Caribbean islands brace for Hurricane Maria
September 18, 2017The US National Hurricane Center (NHC) said Maria was "rapidly" intensifying into a major hurricane as it headed towards the eastern Caribbean.
"The center of Maria will move across the Leeward Islands on Monday night, over the extreme northeastern Caribbean Sea Tuesday and Tuesday night, and approach Puerto Rico and the Virgin Islands on Wednesday," the agency said.
Warnings have been issued for the French territory of Guadeloupe, Dominica, St. Kitts and Nevis, Montserrat, Martinique, St Lucia, and the US and British Virgin Islands. Several of those islands were already devastated by Hurricane Irma earlier this month.
The NHC said Maria was packing maximum sustained winds of 120 miles per hour (195 kilometers per hour) and could produce "a dangerous storm surge" that could raise water levels by six to nine feet (1.8 to 2.7 meters).
In Dominica, schools and government offices were shut, while officials ordered people to evacuate and seek shelter. "We should not take this storm lightly," Prime Minister Roosevelt Skerrit said. "Let us continue to pray for our safety."
Authorities in Guadeloupe, meanwhile, warned that many communities would experience heavy flooding overnight. The Puerto Rican government said it had opened some 450 shelters to house people evacuated from nearby islands.
Maria comes less than two weeks after Irma, a Category 4 hurricane, swept through the Caribbean, killing more than 80 people and causing massive destruction before pounding the US state of Florida.

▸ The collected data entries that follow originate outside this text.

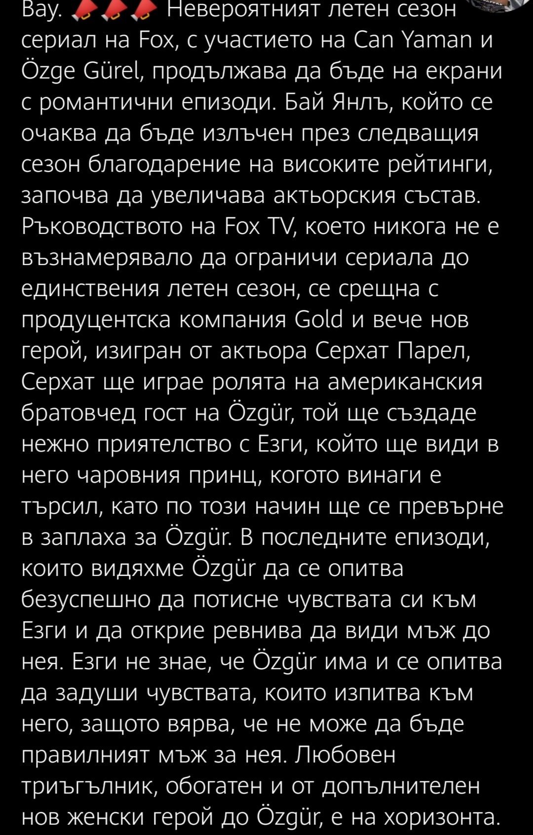 Иска ми се да видя как този нов образ също се влюбва в Езги - не по неправилните причини, както говедото Сонер или лукавия Сердар, а заради нея самата. Да бъде достоен съперник на Йози, за моментите, в които съм сигурна, че предстои да я огорчи, макар и не по негово желание.
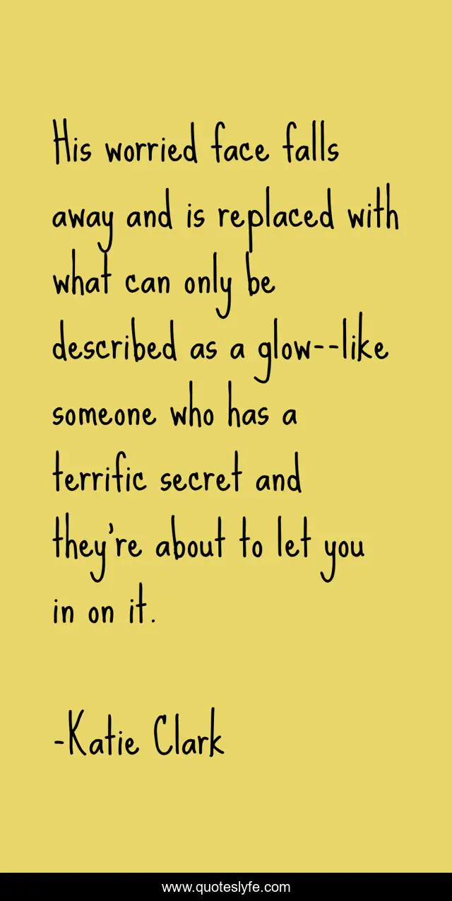 This page presents the quote "His worried face falls away and is replaced with what can only be described as a glow--like someone who has a terrific secret and they're about to let you in on it.". Author of this quote is Katie Clark. This quote is about secret, glow,.
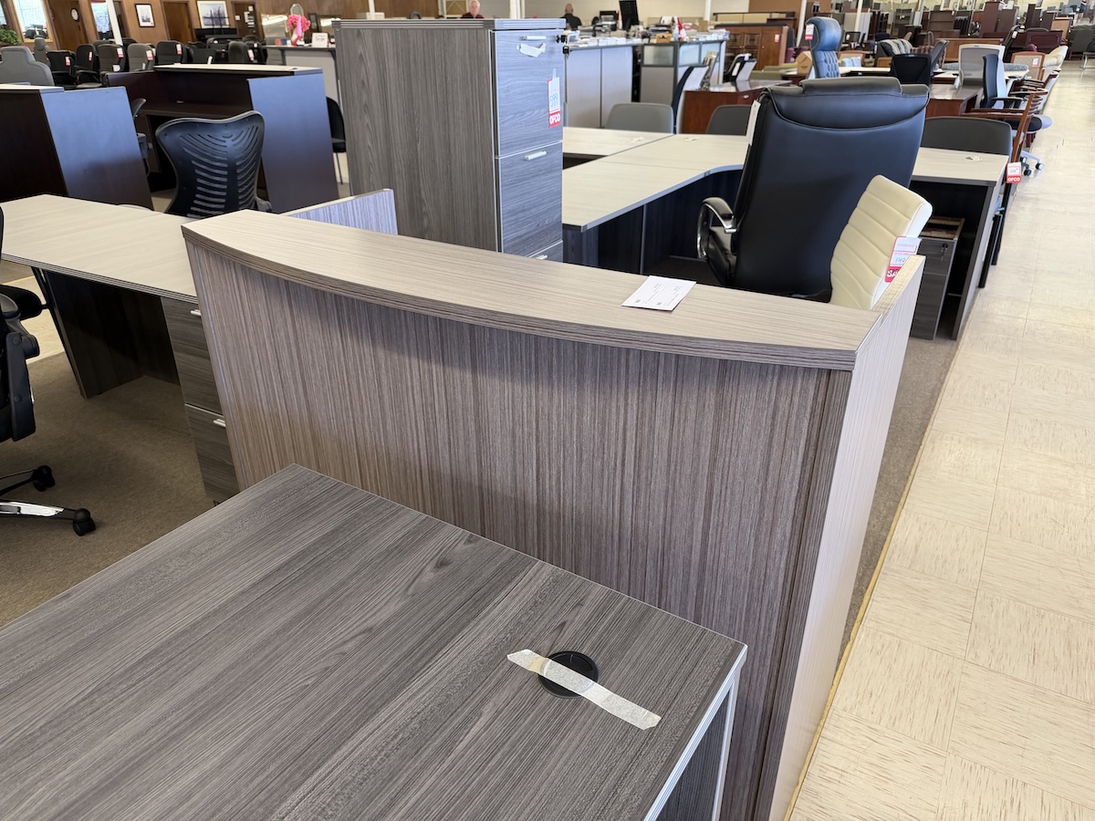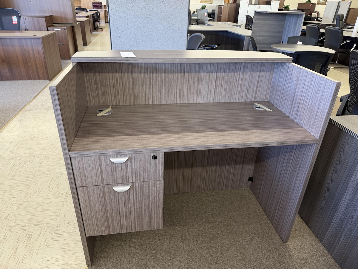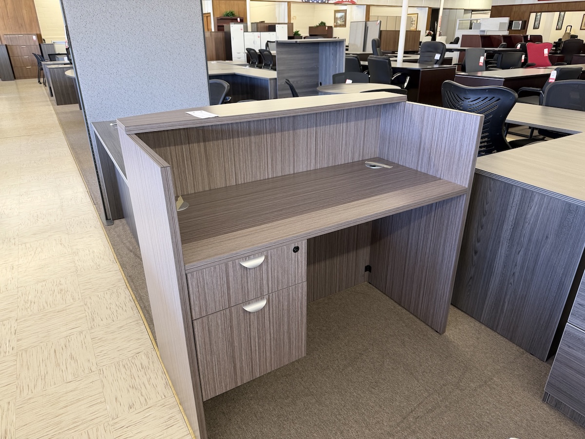 48W x 25.5/20.5D x 41.5H inch Reception Desk Shell in light, neutral Driftwood featuring Beige tones. It can be used alone or in conjunction with other reception items (sold separately). Durable and attractive, this reception desk shell promotes a sense of elegance and makes for a great first impression. It is constructed of thermal fused melamine with 3mm PVC edge banding, which offer excellent durability and scratch resistance. It comes with a 1 inch thick table top that provides a sturdy surface that will require little maintenance. It is also equipped with leveling glides that offer exceptional balance on different floor surfaces. The cam lock construction makes for easy assembly, and provides secure fastening without affecting the outward appearance of the desk. The full length modesty panel offers full coverage and privacy. The 3 inch round grommets on all work surfaces make for easy cable and wire management, and are compatible with the BOSS power grommets (sold separately).
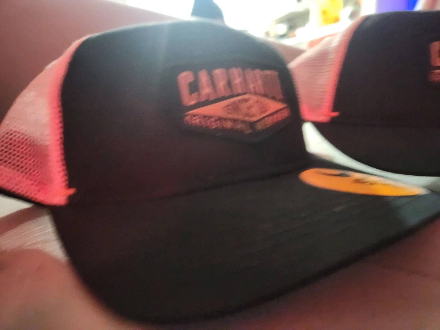 Two Carhartt trucker hats are up for grabs! These black caps feature the iconic Carhartt logo patch and a pink mesh back. They're perfect for everyday wear or while working outdoors. Selling 10 each or 2 for 30
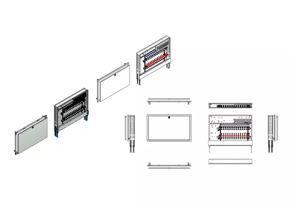 Modulare Anschlussstation für Flächenheizung, im Unterputzschrank montierter Edelstahlverteiler mit regulierbaren Durchflussanzeigern und Ventileinsätzen (M30x1,5), horizontale Anschlussgarnitur ohne Wärmezählerverrohrung, vormontierte und verdrahtete Stellantriebe auf montierter Klemmleiste, Platzhaltung für Anschlussgarnituren mit oder ohne Wärmezählerverrohrung und Wasserzählereinbaustrecken.

Elsewhere, a tropical storm warning was issued for a stretch of New England on the US east coast where Hurricane Jose is generating dangerous ocean swells and currents. Five people were injured after they were knocked off a jetty in Rhode Island by big waves caused by the Category 1 storm. Jose is expected to remain offshore and slowly weaken as it moves in a northward direction off the US Atlantic coast.